- Born: 1979 (age 46–47) Beira, Sofala, Mozambique
- Education: University of Lisbon
- Occupation: Journalist

= Paula Cardoso (journalist) =

Portuguese journalist and activist (born 1979)

Paula Cardoso (born 1979) is a Portuguese journalist, writer and anti-racist activist. She is the creator of the children's book series Força Africana and the online platform Afrolink.

==Biography==
Paula Cardoso was born in 1979 in Beira, Mozambique. At the age of three, she moved to Portugal. Cardoso graduated from the Institute of Social and Political Sciences at the University of Lisbon, with a degree in international relations.
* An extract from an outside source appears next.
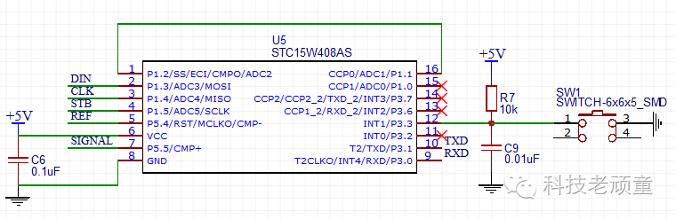单片机我选择SOP16封装的STC15W408AS,这个单片机内部有比较器,可以用来给正弦波整形。自带的捕获功能,专门用来测量脉冲信号,可以减少代码量。(STC15W408AS每个售价2.8元左右。)

She later specialised in journalism at the Protocol Training Centre for Journalists (CENJOR).

Between 2003 and 2006, she worked on the editorial staff of Visão magazine, after which she joined the editorial staff of the newspaper Sol. In 2012, she moved to Angola, where she worked as editor-in-chief of the newspaper Agora. In 2016, she took over as online editor of Novo Jornal, where she worked until 2019. She returned to Portugal in 2017.

In 2019, she became involved in anti-racist activism and initiated a project to promote greater black representation. She began by creating a brand of children's books, Força Africana, with black characters as protagonists, with the aim of valuing African culture. In June 2020, she launched Afrolink, an online platform for publicising and promoting businesses and projects by African and Afro-descendant professionals in Portugal.

In September 2020, she became co-host of the online talk-show O Lado Negro da Força, which showcased racialised people from a wide range of fields. In 2021, she became the presenter of the second season of RTP África's Black Excellence Talk Series and was part of the content production team for RTP2's talk-show Jantar Indiscreto, both created by Myriam Taylor.

Since July 2021, Cardoso has written for the publication Setenta e Quatro. She is also part of the civil society project Fórum dos Cidadãos, where she coordinates the DeliberaEscola project, which aims to broaden notions of democracy and disseminate practices of deliberation in the school environment.

==Awards and recognition==
In 2022, Paula Cardoso was selected to be part of the Top 100 Women in Social Enterprise 2022 list by the Euclid Network. Cardoso was honoured for her work in promoting representation and innovation.